> Work to complete
Please restate each line of the data that follows word for word, skipping any image.

> Recorded information
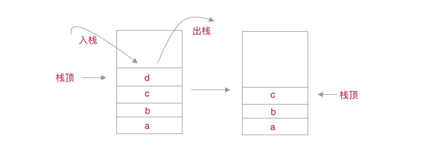 函数调用栈,就是用的这种结构,在一个函数 A 中调用另外一个函数 B,就会先把函数 B 压入到执行栈里,当函数 B 执行完毕之后,就会把函数 B 出栈,继续执行栈顶函数 A。特别是对于递归调用,我们要控制终止条件,不然就会出现递归次数过多,抛出maximum-call-stack-size-exceeded-error 的错误。解决办法可以将递归转化为迭代,或者使用尾递归优化。
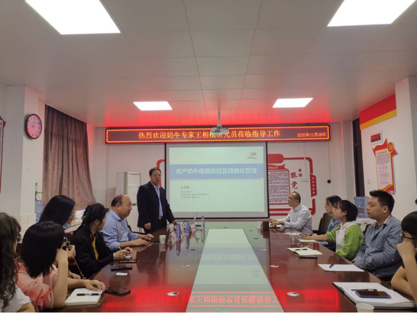 11月09日上午,我院有幸邀请到河南省奶业体系专家服务团专家——王相根研究员对公司师生进行“高产奶牛疫病防控及精细管理”专题讲座。教师及研究生员工共计40余人参会。讲座由beat365司红彬副经理主持。
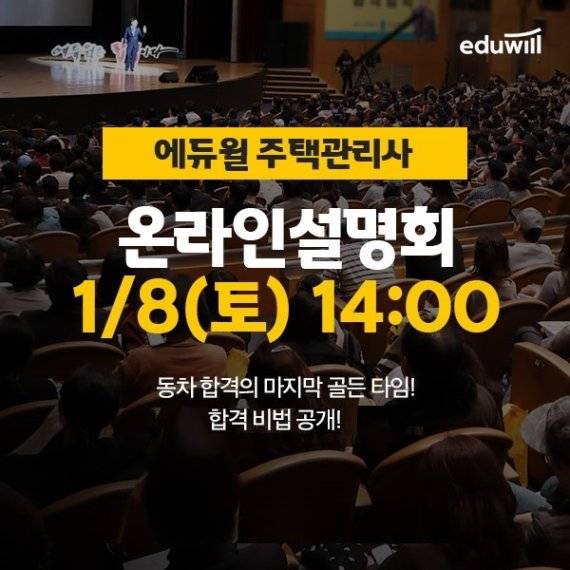 종합교육기업 에듀윌(대표 이중현)은 주택관리사 ‘온라인 설명회’를 오늘(8일) 14시, 유튜브 생방송을 통해 공개한다고 8일 밝혔다.

> Reply to the task
 函数调用栈,就是用的这种结构,在一个函数 A 中调用另外一个函数 B,就会先把函数 B 压入到执行栈里,当函数 B 执行完毕之后,就会把函数 B 出栈,继续执行栈顶函数 A。特别是对于递归调用,我们要控制终止条件,不然就会出现递归次数过多,抛出maximum-call-stack-size-exceeded-error 的错误。解决办法可以将递归转化为迭代,或者使用尾递归优化。
 11月09日上午,我院有幸邀请到河南省奶业体系专家服务团专家——王相根研究员对公司师生进行“高产奶牛疫病防控及精细管理”专题讲座。教师及研究生员工共计40余人参会。讲座由beat365司红彬副经理主持。
 종합교육기업 에듀윌(대표 이중현)은 주택관리사 ‘온라인 설명회’를 오늘(8일) 14시, 유튜브 생방송을 통해 공개한다고 8일 밝혔다.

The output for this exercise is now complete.